In principle, this is a great idea. Consider the CIF dictionaries,
where the pure-text _definition field sometimes carries inventive
representations of maths (e.g.
http://www.iucr.org/iucr-top/cif/cifdic_html/1/cif_core.dic/Irefine_ls_restrained_S_gt.html )
that have to be reverse-engineered into something more useful (e.g. TeX)
when typesetting these for International Tables. It would make it
easier to keep these representations in sync if they were both
transported as multipart/alternative content in the same text field.

But ... this does come at the expense of significantly more
complexity in applications that need to do something with the
content of text fields. Most scientific CIF applications (the
ones that work on the data) won't be affected - they just skip
over text fields. The others will need to have the ability to
parse and extract MIME content (not too difficult), but also
to *write* proper multipart content, and that's not necessarily
so easy if you're to provide tools that ingest content from
different input streams (TeX-savvy editors, html editors,
clipboards...). In practice the Acta office doesn't see a
critical mass of content provision to justify this complexity
at this stage (it's still really only Acta C and E that use
CIF text fields extensively, and they're catered for through
publCIF).
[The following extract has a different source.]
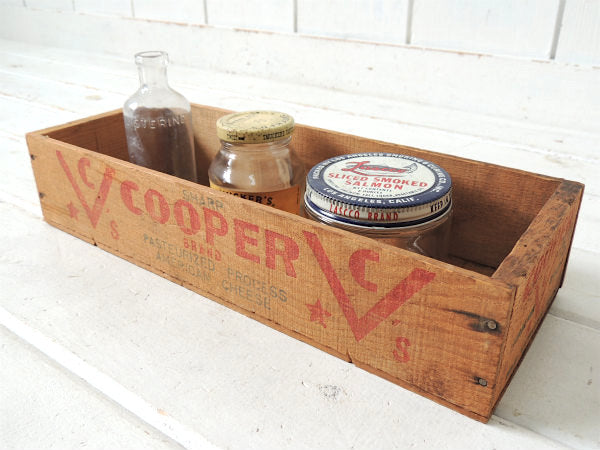 アメリカで見つけました・・1893年より創業の老舗チーズブランド『COOPER BRAND』の木製・アンティーク・チーズボックスです。

Having said which, there's no harm in working through
the details of how such a system could operate.

Going back to Joe's original wishes to rationalise and perhaps
extend the existing CIF markup, it's important also to remember
that some data items will also occasionally require markup for
simple string fields - e.g. how to markup the "alpha" Wyckoff
position in the symmetry CIF dictionary? The use of
the '\a' digraph in
http://www.iucr.org/iucr-top/cif/cifdic_html/2/cif_sym.dic/Ispace_group_Wyckoff.letter.html
clearly derives from the "usual" CIF markup for alpha, but that is
nowhere made formally clear. It looks like we need unambiguous
markup rules in these cases too.

(I'm hoping to see our publCIF developer later this week so that
we can discuss the specifics of the proposal Joe posted recently.)